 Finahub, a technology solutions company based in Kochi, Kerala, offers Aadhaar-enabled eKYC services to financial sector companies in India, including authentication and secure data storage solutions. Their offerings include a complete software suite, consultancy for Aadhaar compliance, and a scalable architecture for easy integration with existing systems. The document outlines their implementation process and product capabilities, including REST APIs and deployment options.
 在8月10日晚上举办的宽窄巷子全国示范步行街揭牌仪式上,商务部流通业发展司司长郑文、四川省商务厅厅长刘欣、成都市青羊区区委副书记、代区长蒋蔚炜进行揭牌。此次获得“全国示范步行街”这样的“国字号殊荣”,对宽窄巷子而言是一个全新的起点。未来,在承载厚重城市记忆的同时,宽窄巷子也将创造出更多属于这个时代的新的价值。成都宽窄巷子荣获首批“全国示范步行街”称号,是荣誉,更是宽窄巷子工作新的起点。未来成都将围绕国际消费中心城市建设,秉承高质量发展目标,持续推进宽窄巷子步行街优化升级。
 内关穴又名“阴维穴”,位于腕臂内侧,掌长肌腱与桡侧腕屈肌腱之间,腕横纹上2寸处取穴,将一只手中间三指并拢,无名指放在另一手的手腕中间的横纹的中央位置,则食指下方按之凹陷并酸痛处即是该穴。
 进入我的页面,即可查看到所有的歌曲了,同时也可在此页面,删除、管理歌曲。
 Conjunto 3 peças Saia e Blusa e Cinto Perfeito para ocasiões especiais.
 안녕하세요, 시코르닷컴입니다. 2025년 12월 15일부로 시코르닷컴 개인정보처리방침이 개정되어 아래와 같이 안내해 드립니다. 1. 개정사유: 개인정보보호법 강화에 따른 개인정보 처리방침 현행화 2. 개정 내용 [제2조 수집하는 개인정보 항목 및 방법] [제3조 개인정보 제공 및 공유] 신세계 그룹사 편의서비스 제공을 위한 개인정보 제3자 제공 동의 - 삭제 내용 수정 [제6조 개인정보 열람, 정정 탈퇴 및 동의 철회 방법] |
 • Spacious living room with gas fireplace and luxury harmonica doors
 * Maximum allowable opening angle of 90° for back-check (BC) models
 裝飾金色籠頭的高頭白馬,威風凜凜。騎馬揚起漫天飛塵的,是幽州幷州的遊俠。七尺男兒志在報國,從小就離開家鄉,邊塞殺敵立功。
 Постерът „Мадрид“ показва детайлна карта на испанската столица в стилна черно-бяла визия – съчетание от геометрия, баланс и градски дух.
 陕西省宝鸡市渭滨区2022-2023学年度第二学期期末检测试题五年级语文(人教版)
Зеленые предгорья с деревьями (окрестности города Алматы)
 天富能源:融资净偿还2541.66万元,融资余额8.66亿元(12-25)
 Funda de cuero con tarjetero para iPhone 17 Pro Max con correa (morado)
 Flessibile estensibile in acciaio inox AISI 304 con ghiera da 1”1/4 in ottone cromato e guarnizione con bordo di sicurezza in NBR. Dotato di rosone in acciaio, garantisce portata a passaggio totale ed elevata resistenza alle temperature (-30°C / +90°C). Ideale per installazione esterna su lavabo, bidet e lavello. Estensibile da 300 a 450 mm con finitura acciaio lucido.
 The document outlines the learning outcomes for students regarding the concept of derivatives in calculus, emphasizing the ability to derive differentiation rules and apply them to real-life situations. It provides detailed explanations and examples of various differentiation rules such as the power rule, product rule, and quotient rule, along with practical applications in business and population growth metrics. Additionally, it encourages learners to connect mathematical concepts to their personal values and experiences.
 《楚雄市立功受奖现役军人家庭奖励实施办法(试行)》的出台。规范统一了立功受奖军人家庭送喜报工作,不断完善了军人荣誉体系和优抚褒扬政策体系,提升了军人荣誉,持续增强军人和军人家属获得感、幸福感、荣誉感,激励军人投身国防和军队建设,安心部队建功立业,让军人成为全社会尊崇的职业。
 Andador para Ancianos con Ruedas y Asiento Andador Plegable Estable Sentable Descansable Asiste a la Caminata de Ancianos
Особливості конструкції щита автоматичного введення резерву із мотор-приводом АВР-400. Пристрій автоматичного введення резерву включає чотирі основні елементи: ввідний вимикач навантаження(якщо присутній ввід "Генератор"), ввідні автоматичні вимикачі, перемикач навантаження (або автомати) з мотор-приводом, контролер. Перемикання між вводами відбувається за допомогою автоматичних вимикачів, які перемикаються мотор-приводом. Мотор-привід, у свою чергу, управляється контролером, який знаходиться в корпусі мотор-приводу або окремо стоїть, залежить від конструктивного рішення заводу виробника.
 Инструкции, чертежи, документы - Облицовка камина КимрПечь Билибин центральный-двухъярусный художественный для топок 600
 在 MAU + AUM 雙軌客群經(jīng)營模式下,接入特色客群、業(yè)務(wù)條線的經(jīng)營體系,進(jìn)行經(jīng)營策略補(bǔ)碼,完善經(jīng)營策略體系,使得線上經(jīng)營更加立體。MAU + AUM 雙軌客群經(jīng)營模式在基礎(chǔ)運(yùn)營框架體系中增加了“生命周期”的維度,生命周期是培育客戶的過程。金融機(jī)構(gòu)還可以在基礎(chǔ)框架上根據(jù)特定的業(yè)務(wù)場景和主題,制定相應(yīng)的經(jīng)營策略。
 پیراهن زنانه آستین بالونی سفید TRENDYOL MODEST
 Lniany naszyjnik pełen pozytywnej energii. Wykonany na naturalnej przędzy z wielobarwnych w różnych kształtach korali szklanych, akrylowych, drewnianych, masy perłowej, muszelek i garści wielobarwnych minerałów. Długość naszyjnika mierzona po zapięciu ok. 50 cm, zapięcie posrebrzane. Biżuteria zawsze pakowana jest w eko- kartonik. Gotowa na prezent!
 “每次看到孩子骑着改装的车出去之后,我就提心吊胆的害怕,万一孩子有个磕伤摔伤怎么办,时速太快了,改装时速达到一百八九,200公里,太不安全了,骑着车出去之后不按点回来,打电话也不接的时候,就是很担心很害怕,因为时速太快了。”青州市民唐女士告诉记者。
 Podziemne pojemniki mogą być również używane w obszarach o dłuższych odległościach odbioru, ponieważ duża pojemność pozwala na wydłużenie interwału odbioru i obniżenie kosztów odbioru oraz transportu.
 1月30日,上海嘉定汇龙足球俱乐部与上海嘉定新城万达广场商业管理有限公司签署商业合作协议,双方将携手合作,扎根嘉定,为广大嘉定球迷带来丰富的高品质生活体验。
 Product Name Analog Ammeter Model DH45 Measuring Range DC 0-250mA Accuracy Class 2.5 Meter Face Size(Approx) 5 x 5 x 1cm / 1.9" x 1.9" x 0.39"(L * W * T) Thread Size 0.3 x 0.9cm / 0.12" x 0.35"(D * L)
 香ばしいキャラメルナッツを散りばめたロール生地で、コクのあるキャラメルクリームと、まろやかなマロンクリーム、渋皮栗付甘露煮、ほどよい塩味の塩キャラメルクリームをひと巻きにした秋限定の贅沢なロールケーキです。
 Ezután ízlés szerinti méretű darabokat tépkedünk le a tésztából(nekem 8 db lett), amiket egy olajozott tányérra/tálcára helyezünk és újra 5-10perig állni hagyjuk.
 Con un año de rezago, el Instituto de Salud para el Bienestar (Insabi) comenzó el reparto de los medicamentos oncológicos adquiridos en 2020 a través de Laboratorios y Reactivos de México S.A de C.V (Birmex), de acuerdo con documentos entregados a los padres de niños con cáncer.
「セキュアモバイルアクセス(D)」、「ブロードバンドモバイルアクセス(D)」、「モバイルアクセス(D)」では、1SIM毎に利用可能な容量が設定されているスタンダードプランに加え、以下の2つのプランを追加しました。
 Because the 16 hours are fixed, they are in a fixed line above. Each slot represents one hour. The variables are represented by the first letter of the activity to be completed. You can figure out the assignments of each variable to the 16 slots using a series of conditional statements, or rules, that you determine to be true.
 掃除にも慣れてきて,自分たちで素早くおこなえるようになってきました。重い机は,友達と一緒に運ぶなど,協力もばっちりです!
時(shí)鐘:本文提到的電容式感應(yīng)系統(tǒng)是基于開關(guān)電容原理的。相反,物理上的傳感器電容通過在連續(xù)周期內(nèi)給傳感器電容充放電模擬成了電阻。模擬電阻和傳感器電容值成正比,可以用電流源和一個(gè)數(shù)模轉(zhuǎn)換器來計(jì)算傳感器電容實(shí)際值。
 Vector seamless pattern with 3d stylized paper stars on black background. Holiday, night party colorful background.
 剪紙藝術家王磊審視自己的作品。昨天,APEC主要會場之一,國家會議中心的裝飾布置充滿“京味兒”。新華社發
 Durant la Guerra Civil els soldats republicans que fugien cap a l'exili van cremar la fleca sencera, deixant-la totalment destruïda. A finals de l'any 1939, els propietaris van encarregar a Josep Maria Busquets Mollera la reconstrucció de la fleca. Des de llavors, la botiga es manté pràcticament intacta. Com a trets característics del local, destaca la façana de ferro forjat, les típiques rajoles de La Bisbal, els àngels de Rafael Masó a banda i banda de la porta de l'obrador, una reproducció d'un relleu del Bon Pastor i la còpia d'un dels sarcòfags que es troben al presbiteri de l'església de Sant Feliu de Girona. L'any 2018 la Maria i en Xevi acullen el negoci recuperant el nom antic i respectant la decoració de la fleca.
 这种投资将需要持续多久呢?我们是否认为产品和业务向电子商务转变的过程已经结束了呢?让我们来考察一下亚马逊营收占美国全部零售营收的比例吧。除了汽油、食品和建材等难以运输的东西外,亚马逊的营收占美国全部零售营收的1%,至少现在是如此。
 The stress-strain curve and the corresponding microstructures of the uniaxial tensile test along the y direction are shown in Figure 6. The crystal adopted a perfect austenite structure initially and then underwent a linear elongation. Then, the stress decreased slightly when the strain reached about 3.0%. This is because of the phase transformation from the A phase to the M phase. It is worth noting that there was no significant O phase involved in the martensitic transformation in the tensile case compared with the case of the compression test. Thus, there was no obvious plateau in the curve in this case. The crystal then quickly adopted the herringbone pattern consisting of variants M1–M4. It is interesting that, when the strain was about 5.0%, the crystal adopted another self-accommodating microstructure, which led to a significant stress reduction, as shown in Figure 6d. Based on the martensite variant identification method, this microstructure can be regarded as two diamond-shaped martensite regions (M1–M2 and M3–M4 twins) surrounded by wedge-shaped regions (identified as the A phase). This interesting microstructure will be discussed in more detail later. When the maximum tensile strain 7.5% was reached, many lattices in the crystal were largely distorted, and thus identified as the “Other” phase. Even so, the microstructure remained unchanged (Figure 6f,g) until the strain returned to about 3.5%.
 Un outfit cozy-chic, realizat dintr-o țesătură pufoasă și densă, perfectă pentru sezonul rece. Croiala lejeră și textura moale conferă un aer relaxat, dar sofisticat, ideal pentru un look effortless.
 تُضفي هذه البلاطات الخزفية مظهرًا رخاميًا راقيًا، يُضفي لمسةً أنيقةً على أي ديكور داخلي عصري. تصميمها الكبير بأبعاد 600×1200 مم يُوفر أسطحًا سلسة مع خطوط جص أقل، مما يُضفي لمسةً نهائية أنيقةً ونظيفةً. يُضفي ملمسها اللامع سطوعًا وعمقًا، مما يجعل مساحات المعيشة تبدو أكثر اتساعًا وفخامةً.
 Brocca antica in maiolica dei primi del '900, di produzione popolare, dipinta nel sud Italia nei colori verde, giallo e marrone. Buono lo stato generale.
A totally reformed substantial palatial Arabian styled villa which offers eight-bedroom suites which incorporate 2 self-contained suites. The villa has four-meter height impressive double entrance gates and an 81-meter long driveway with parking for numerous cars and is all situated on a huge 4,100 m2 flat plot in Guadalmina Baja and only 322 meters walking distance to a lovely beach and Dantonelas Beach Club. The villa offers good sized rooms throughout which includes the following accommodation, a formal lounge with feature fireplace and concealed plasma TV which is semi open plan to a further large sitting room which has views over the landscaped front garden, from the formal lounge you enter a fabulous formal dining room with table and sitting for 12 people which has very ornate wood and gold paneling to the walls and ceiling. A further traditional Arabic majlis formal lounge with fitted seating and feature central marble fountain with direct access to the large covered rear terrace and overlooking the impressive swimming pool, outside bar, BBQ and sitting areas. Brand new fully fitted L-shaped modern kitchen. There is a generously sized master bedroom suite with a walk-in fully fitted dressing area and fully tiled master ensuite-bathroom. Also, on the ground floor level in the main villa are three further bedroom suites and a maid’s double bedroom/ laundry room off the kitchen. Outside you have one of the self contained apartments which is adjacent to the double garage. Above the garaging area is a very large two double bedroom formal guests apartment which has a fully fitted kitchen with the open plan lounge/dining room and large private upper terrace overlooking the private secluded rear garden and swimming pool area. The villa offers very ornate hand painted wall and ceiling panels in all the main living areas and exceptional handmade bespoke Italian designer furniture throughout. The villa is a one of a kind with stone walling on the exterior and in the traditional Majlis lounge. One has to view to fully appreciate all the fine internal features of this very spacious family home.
= = = = = = =
→ **The task**
Output should match, line for line, the stretch of the material above from the line holding "и градски дух." through the line holding "Funda de cuero".

→ **Solved exercise**
 Постерът „Мадрид“ показва детайлна карта на испанската столица в стилна черно-бяла визия – съчетание от геометрия, баланс и градски дух.
 陕西省宝鸡市渭滨区2022-2023学年度第二学期期末检测试题五年级语文(人教版)
Зеленые предгорья с деревьями (окрестности города Алматы)
 天富能源:融资净偿还2541.66万元,融资余额8.66亿元(12-25)
 Funda de cuero con tarjetero para iPhone 17 Pro Max con correa (morado)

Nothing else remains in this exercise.